Semi-supervised Domain Adaptation for Semantic Segmentation
- URL: http://arxiv.org/abs/2110.10639v1
- Date: Wed, 20 Oct 2021 16:13:00 GMT
- Title: Semi-supervised Domain Adaptation for Semantic Segmentation
- Authors: Ying Chen, Xu Ouyang, Kaiyue Zhu, Gady Agam
- Abstract summary: We propose a novel two-step semi-supervised dual-domain adaptation (SSDDA) approach to address both cross- and intra-domain gaps in semantic segmentation.
We demonstrate that the proposed approach outperforms state-of-the-art methods on two common synthetic-to-real semantic segmentation benchmarks.
- Score: 3.946367634483361
- License: http://creativecommons.org/licenses/by/4.0/
- Abstract: Deep learning approaches for semantic segmentation rely primarily on
supervised learning approaches and require substantial efforts in producing
pixel-level annotations. Further, such approaches may perform poorly when
applied to unseen image domains. To cope with these limitations, both
unsupervised domain adaptation (UDA) with full source supervision but without
target supervision and semi-supervised learning (SSL) with partial supervision
have been proposed. While such methods are effective at aligning different
feature distributions, there is still a need to efficiently exploit unlabeled
data to address the performance gap with respect to fully-supervised methods.

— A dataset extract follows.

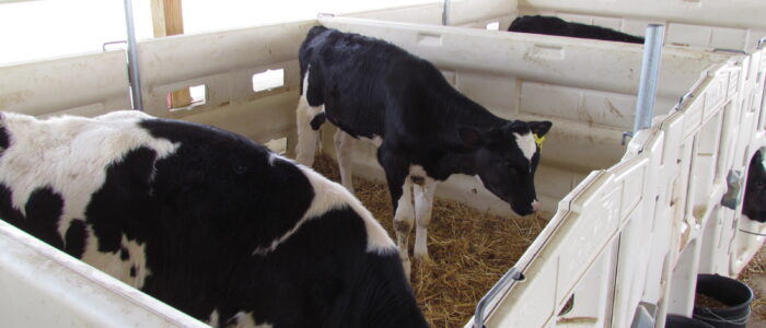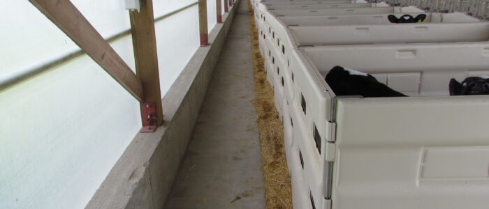 - Deep straw bedding and calf jackets are used in winter; wood shavings are used in summer.

In this paper we address semi-supervised domain adaptation (SSDA) for semantic
segmentation, where a large amount of labeled source data as well as a small
amount of labeled target data are available. We propose a novel and effective
two-step semi-supervised dual-domain adaptation (SSDDA) approach to address
both cross- and intra-domain gaps in semantic segmentation. The proposed
framework is comprised of two mixing modules. First, we conduct a cross-domain
adaptation via an image-level mixing strategy, which learns to align the
distribution shift of features between the source data and target data. Second,
intra-domain adaptation is achieved using a separate student-teacher network
which is built to generate category-level data augmentation by mixing unlabeled
target data in a way that respects predicted object boundaries. We demonstrate
that the proposed approach outperforms state-of-the-art methods on two common
synthetic-to-real semantic segmentation benchmarks. An extensive ablation study
is provided to further validate the effectiveness of our approach.